Snake Eyes

Snake Eyes 4 star

I was so in the mood to watch this movie and I didn’t even know it till I saw it was on the TV tonight. Once again I find myself in the position of feeling relieved to write a review of a movie which follows a review in which I made comments I ultimately felt a little awkward about and want to clarify. Yes, I compared Brian De Palma to Michael Bay. I sowwie, lol. But seriously, though I love De Palma much much more than Bay (do I really need to say that?), it has to be said that he has had as many ups and downs as Bay. This ain’t one of the downs for me, though, I don’t care what the general consensus is.

I was such a whore for reel-length shots, POV shots and cinematic tomfoolery like that when I first saw this on the big screen in 1998 – I guess I’d probably only just learned about such things at college and got excited every time I noticed them, probably beginning with Boogie Nights the year before. I really thought that watching a movie like this so many years later, with so much more viewing experience under my belt, I’d find myself embarrassed by my former geek as I saw through all the cinematic grandstanding to a thread-bare nothingness much like the aforementioned Miami Vice.

But I can’t deny, this movie still gives me a massive movie geek kick, and as I watched it I couldn’t shake a grin off my face goofier than Nicolas Cage’s in the first half of the movie. It’s exactly the style over substance I mentioned in the aforementioned “Miami Vice” review – the good kind, even, dare I say, the great kind. It may be nonsense, but it has a great prelude, a spectacular finale, and an amusing interim, not to mention a hilariously kinetic performance from Nicolas Cage and a great old fashioned, extremely De Palma-ish (I had to double check it wasn’t his quite frequent collaborator Pino Donaggio) score by Ryuichi Sakamoto.
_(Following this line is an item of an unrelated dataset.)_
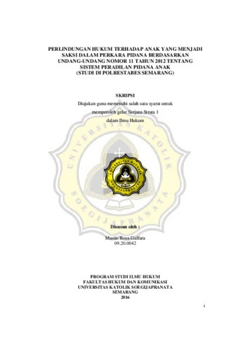 Gulfara, Mastio Rosa (2016) PERLINDUNGAN HUKUM TERHADAP ANAK YANG MENJADI SAKSI DALAM PERKARA PIDANA BERDASARKAN UNDANG-UNDANG NOMOR 11 TAHUN 2012 TENTANG SISTEM PERADILAN PIDANA ANAK (STUDI DI POLRESTABES SEMARANG). Other thesis, PROGDI ILMU HUKUM UNIKA SOEGIJAPRANATA.

By the way, and I’m probably just saying this ‘cos I just reminded myself of how geeky I used to be – I’m really not so picky these days – but I recommend watching this, and any Brian De Palma movie, in its full intended widescreen ratio. The TV broadcast I watched was a 16:9 pan-and-scan, and they basically pulled back for the split-screen stuff, so it wasn’t so bad, but you could still see at times how wide the screen was supposed to be and I found myself wishing I still had the DVD. It’s not as bad as some of the 4:3 pan-and-scan De Palma movies I’ve seen, but it’s still a damned nuisance.